Personal information
- Born: August 2, 1922 Blackford, Kentucky, U.S.
- Died: January 15, 2007 (aged 84) Devon, Pennsylvania, U.S.
- Listed height: 6 ft 3 in (1.91 m)
- Listed weight: 205 lb (93 kg)

Career information
- College: Maryland (1945–1947)
- NBA draft: 1948: – round, 76th overall pick
- Drafted by: Philadelphia Warriors
- Playing career: 1948–1949
- Position: Forward / guard

Career history
- 1948: Oshkosh All-Stars
- 1948–1949: Waterloo Hawks
- Stats at Basketball Reference

= Bill Brown (basketball, born 1922) =

American basketball player (born 1922)

Wilfred Bailey "Bill" Brown (August 2, 1922 – January 15, 2007) was an American professional basketball player in the United States' National Basketball League (NBL).
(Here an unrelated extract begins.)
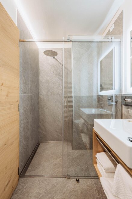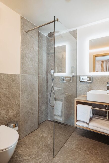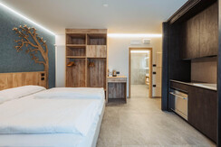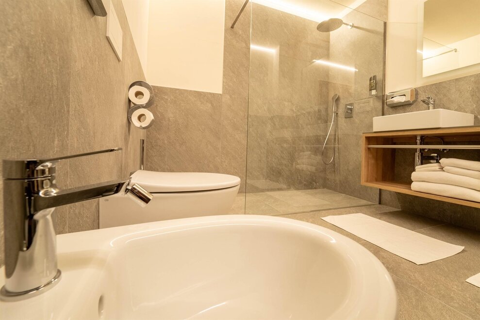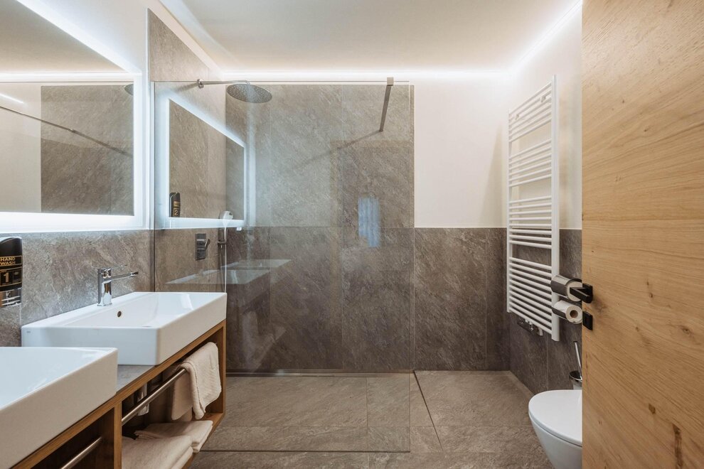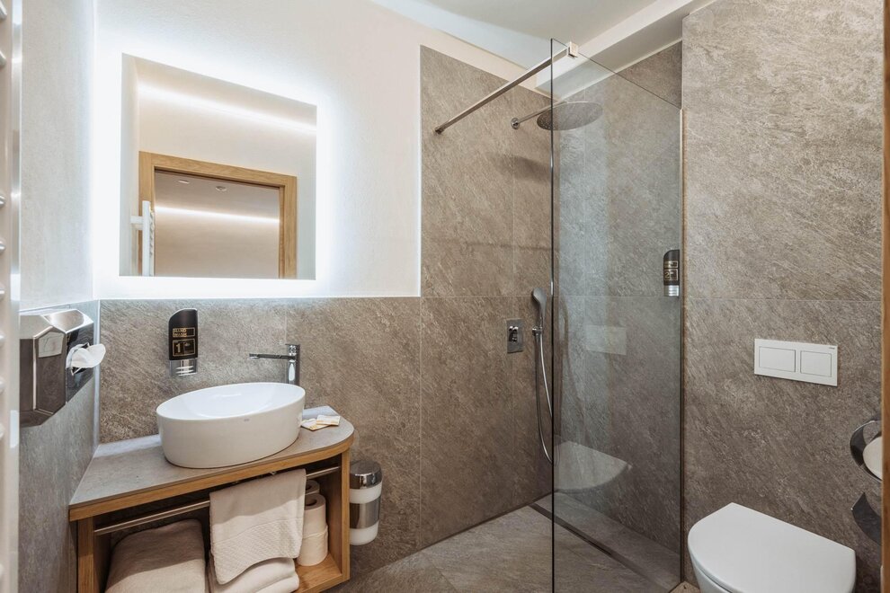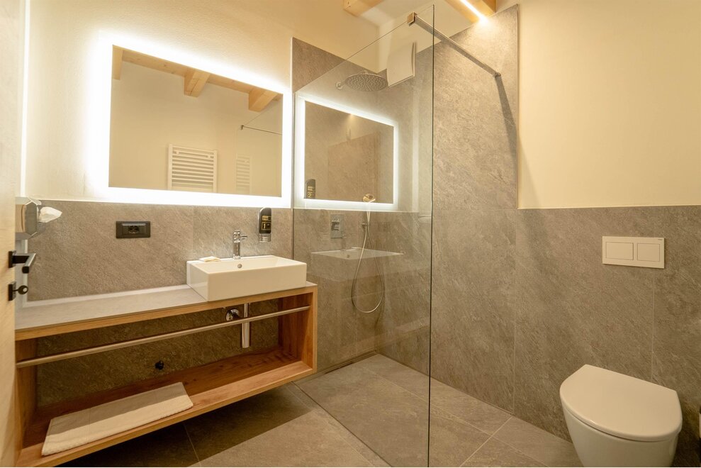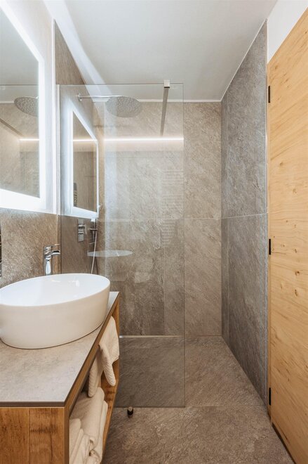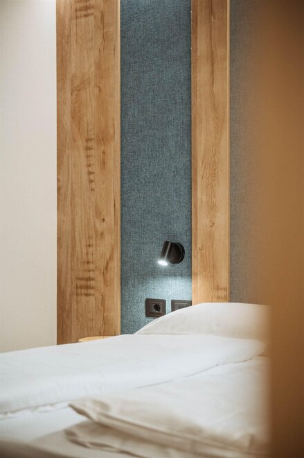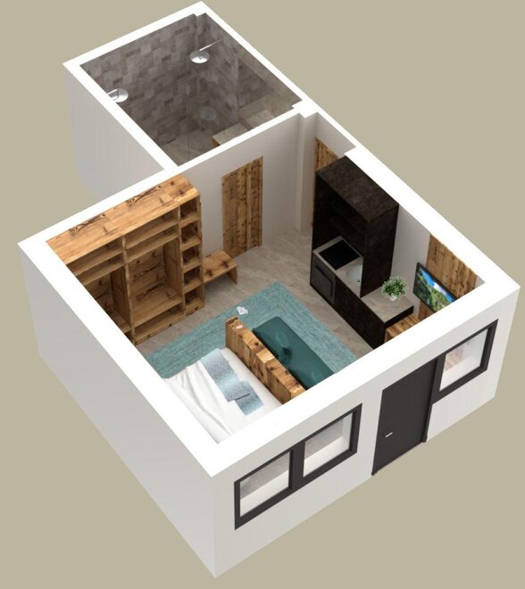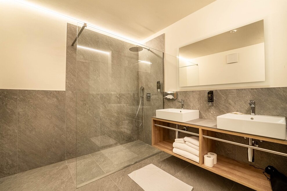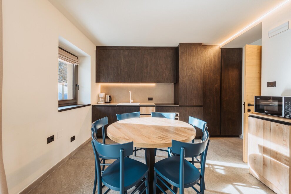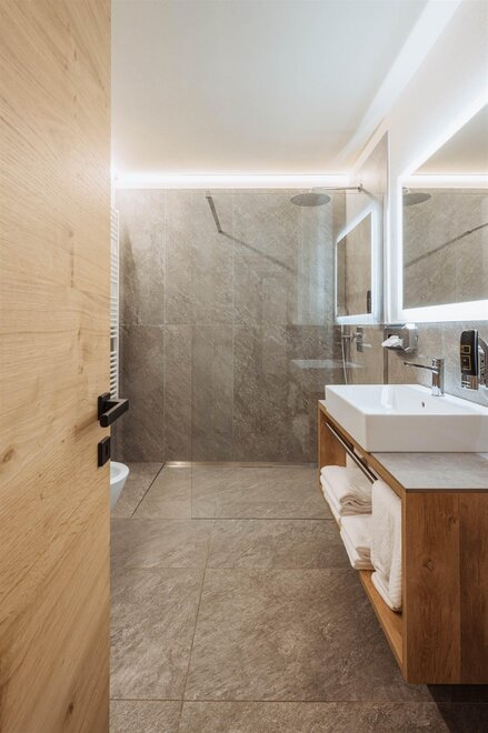 Gli ampi spazi sono caratterizzati da colori che si ispirano alla natura primordiale della Val di Sole e che fanno sentire un tutt’uno con l’ambiente circostante.

He played for the Oshkosh All-Stars and Waterloo Hawks during the 1948–49 season. After a collegiate career at the University of Maryland, College Park, Brown was selected in the 1948 BAA draft by the Philadelphia Warriors as the 76th overall pick. He pursued a career in the NBL, however, and played both the forward and guard positions.